- Lindsay lives in Hyde Park, Chicago. She has a high recidivism rate as a student at the University of Chicago.
Like most schools, my alma mater donated a fraction of its undergrads to the national party following the killing of Osama bin Laden. Being the opposite of a party school, the University of Chicago’s response was no match for, say, Penn State’s riotous street party, but nonetheless (according to an article in our student paper), one fraternity’s members “marched, chanting and singing patriotic songs” to a local bar to celebrate and planned a party for the following night, “America!!! F*CK YEAH!!!” The accompanying picture of two dozen or so exuberant undergrads decked out in red, white, and blue made me feel slightly ill, which, according to Jonathan Haidt’s editorial in the New York Times last week (“Why We Celebrate a Killing,” 5/7/11) classes me with those who “[missed] all that was good, healthy and even altruistic about last week’s celebrations.” Agreed. But I believe in the end that it’s Haidt’s argument that is missing something essential — specifically, a legitimate step from our tribal evolutionary heritage to a moral justification for any modern expression of that heritage.

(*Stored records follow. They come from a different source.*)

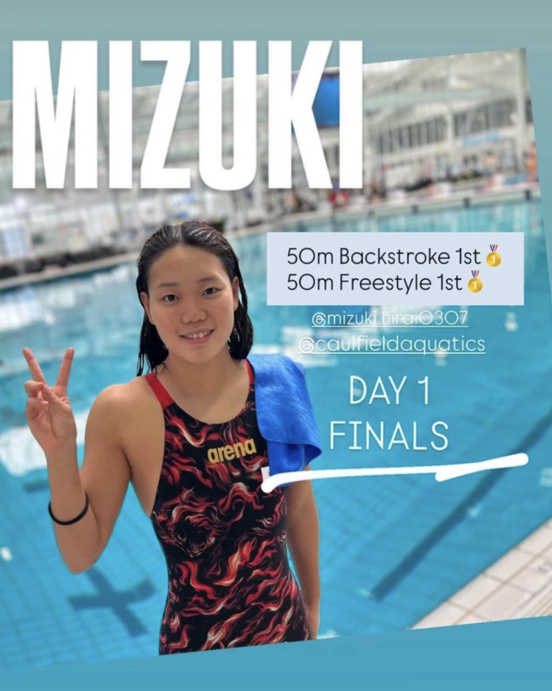 「2025 AUSTRALIAN SHORT COURSE CHAMPIONSHIPS」三種目優勝 MEMBERS INFO MIZUKI HIRAI SUPPORTERS 2025/10/03 14:40 フォロー オーストラリア開催 2025 AUSTRALIAN SHORT COURSE CHAMPIONSHIPS 50m背泳ぎ 優勝 50mフリー 優勝 100m背泳ぎ 優勝 URLをコピーする 報告する
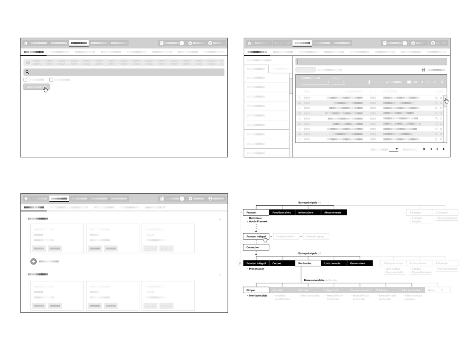 This research programme is a global comprehensive study of the graphic and typographic interface of Frantext, an online lexicographic tool developed by the ATILF (Analyse et Traitement Informatique de la Langue Française, Nancy). Frantext is a database of 5390 references sampled from the nineteenth to the twentieth century, coupled with a highly efficient text mining tool. It allows simple and complex searches and displays the results in the form of lists of extracts of texts of up to 700 characters. It is designed to understand the contexts of use and the evolutions of the searched grammatical form.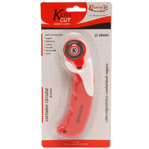 O cortador é de resina plástica com 1 lâminas de aço de 28mm de diâmetro.
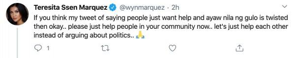 “If you think my tweet of saying people just want help and ayaw nila ng gulo is twisted, then okay. Please just help people in your community now. Let's just help each other instead of arguing about politics.”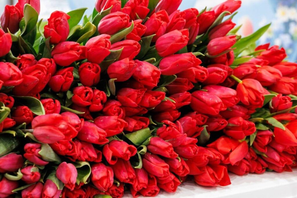 В аэропорту Сочи подарили пассажиркам тысячу тюльпанов к 8 Марта

Haidt argues that (a) the post-ObL celebrations exemplified what Durkheim called “collective effervescence” — the strong, ego-dissolving emotion that allows individuals to experience themselves as part of the group (in this case, the tribe of America), and (b) we therefore should embrace this kind of response as good and perhaps even necessary for us to “[step] out of [our] petty and partisan selves” and act in service to something larger.
I believe that (a) is more or less correct, and (b) is dangerously wrong.